Along with the rapid growth of modern networks and the emerging idea of network convergence, the network management becomes much more complex and requires many specialized tools, especially in terms of implementing appropriate Quality of Service policies. The emerging idea of Software Defined Networking (SDN) is arising to solve these problems. The application of the programmable data plane may help to optimize the already existing solutions or even help to develop new ones. In my enginnering thesis I proposed an architecture of a system, that could ease the process of implementing the QoS policies, using SDN and programmable data planes.
The aim of the presented project was to propose a set of network tools - a system based upon Software Defined Networking technologies and programmable data planes, which would allow to monitor the values of selected Quality of Service parameters and eventually modify the network actions, in order to provide a certain level of QoS parameters. The system is created based upon virtual network devices and open-source SDN technology standards. It provides API for distributed applications, which allows to collect necessary measurements used to obtain the values of specific QoS one-way parameters. The measurements are provided in an easy-readable form, which simplifies the process of data analysis.
The system is divided into three main subsystems - Data Analysis, Real time Analysis and Tagging Subsystem. The Data Analysis Subsystem consists of desktop application generating graphs and providing data statistics. The Real time Analysis Subsystem consist of applications that continuously monitor the network - they analyze the obtained measurements. In case of failure these applications will react as fast as possible to change the default behavior of network to maintain the necessary level of Quality of Service. Moreover, all of the measurements are saved in database, so that it is possible to create statistics based on them. The logic of this subsystem is decentralized, divided between many network units. The Tagging Subsystem consists of the switches data plane software. It allows creating specific headers containing the necessary measurements, as well as deleting them in order to obtain original packets. It is possible to change the QoS policy during switch operation. In order to start monitoring and ensuring specific values of Quality of Service parameters it is required to add basic configuration on the switch - parameters to identify the flow, that need to be monitored and tagged with specially defined headers, using interactive switch CLI. Afterwards, the parameters of server connection should be provided. After this configuration it is possible to run application analyzing data, which would generate appropriate graphs and statistics.

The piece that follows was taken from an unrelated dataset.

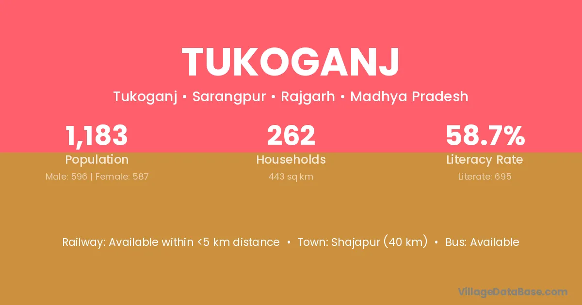 Tukoganj village has a total population of 1,183 people, of which 596 are males and 587 are females.

The system consists of 6 modules: data analysis module, control module, communication module (to communicate with persistence module), persistence module, capturing module and tagging module. The key functionality is provided by the tagging module - it is responsible for creating new headers containing specific measurements and encapsulating original packets with them. When the switch recognizes packets belonging to the monitored flow it creates the Measurement Header and Measurement Option headers with appropriate measurements and timestamps and encapsulates original packets. According to the flow specific configuration, some of the switches on the path of the packet (possibly all, at least two - the first and last one) add their own Measurement Options with ingress timestamps. The last configured switch in the path decapsulates the packet, collects the measurements and sends then them to the modules of Real Time Analysis subsystem.

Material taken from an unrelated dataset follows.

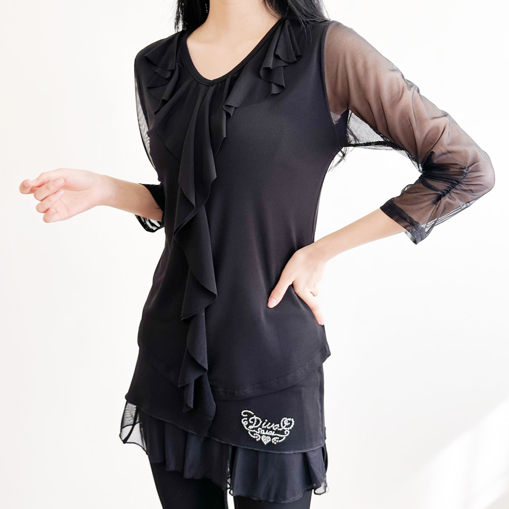 까르죠아 볼륨감 있는 러풀 블라우스 스포츠 댄스복 여성 상의

The test environment was created using Mininet (with python) and library scapy (to generate network traffic).
Both modules were created in python, the graphical user interfaces were created using the PyQt 5.
Communication between the control module and the persistance module, and communication between the control module and data analysis module was implemented using python and library pika (control module side) and using C++11 and library AMQP CPP (persistance module side).
These modules were created in C++11 using, among others following libraries: AMQP CPP, RapidJSON, MySQL C API, libpcap. Data was written in MariaDB database.
The tagging module was created using the P4_16 language with Behavioral Model version 2.
This installation guide was created for Ubuntu (14.04+). In order to install the project correctly, all needed dependecies should be resolved. In case of using Ubuntu the install_deps.sh can be used to achieve it.
The first step would be installing the Behavioral model 2 and compilator p4c.
In order to use the desktop applcation it is also needed to install python (3.5+) and PyQt 5. On Ubuntu it can be achieved through apt-get install python3-pyqt5. All other python dependencies can be installed using pip and the requirements.txt file, which can be found in src/analyze_data.
The application also need MySQL and RabbitMQ servers to be installed, as well as the MySQL client ( apt-get install libmysqlclient-dev).
The sniffer module needs the AMQP CPP. Installation guide of this library can be found under following link: https://github.com/CopernicaMarketingSoftware/AMQP-CPP. In order to compile the project the GCC with libpcap and libevent are needed.
In order to configure and compile the whole system run the script configure.sh and make.